Mastercard is a global payment network that processes credit and debit card transactions. When embedded as a checkout option on an e-commerce site, it triggers a 3D Secure 2 authentication flow (Mastercard Identity Check) that may set cookies on Mastercard domains and forward device, IP and behavioural signals to the United States. As a payment processor, the core flow falls under contractual necessity, but consent rules apply to any analytics or marketing layer placed alongside it.

What Mastercard does on a merchant site

Mastercard appears on European e, commerce sites in two distinct shapes. The first is the Mastercard JavaScript SDK that some Payment Service Providers (Adyen, Stripe, Worldpay) load inside the checkout page to tokenise card numbers client side. The second is the redirect to idcheck.mastercard.com that performs 3D Secure 2 strong customer authentication. Both flows process personal data and may set cookies, so they need to be mapped before any DPIA or privacy notice can be considered complete.

Cookies and signals collected

During Mastercard Identity Check, the cardholder browser receives Akamai cookies (AKA_A2, bm_sz, _abck) used for bot detection, Adobe Analytics cookies (s_cc, s_sq, AMCV_*) used to measure Mastercard pages, and an IDS cookie that remembers a frictionless authentication outcome. The Mastercard 3DS server also collects the device fingerprint (browser version, language, screen size, time zone), the user agent and the public IP address of the cardholder, plus the merchant identifier and transaction amount. Cardholder names and PANs are pseudonymised through the Mastercard token vault but are still personal data under the GDPR.

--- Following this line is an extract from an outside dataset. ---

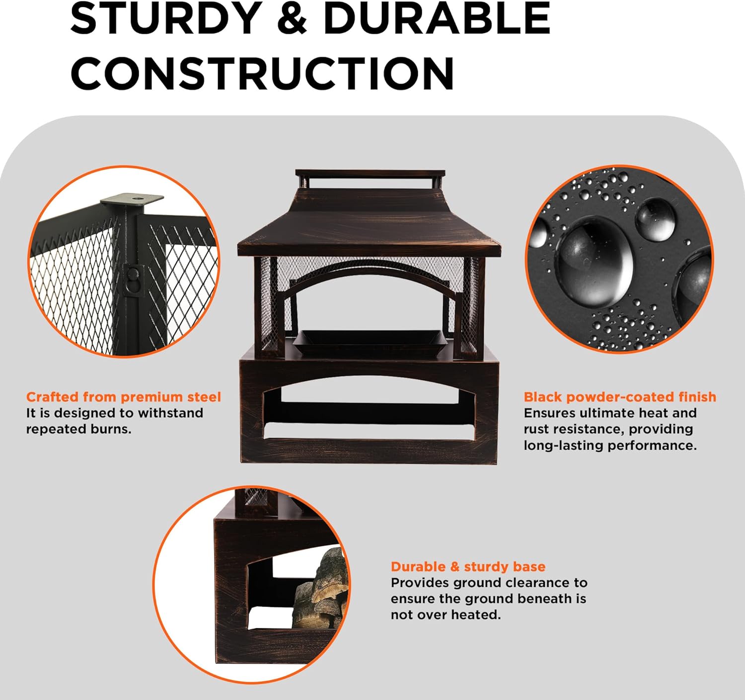 - Rain & Spark Protection: Our chiminea outdoor fireplace features a tower-style chimney with rain cover to shield flames, plus mesh screens to contain sparks. Enjoy safe wood burning in your fire pit without obstructing the beautiful fire view.

GDPR, PSD2 and ePrivacy basis

For the payment itself, the lawful basis is Article 6(1)(b) GDPR (contract performance) reinforced by Article 6(1)(c) for the PSD2 obligation of strong customer authentication. For fraud scoring, Mastercard and the merchant rely on Article 6(1)(f) GDPR (legitimate interest). The cookies set on idcheck.mastercard.com qualify as strictly necessary under Article 5(3) of the ePrivacy Directive because they are essential to deliver the authentication service explicitly requested by the user, so no banner is required for them. Any additional analytics layer placed by the merchant on its own checkout page does require consent.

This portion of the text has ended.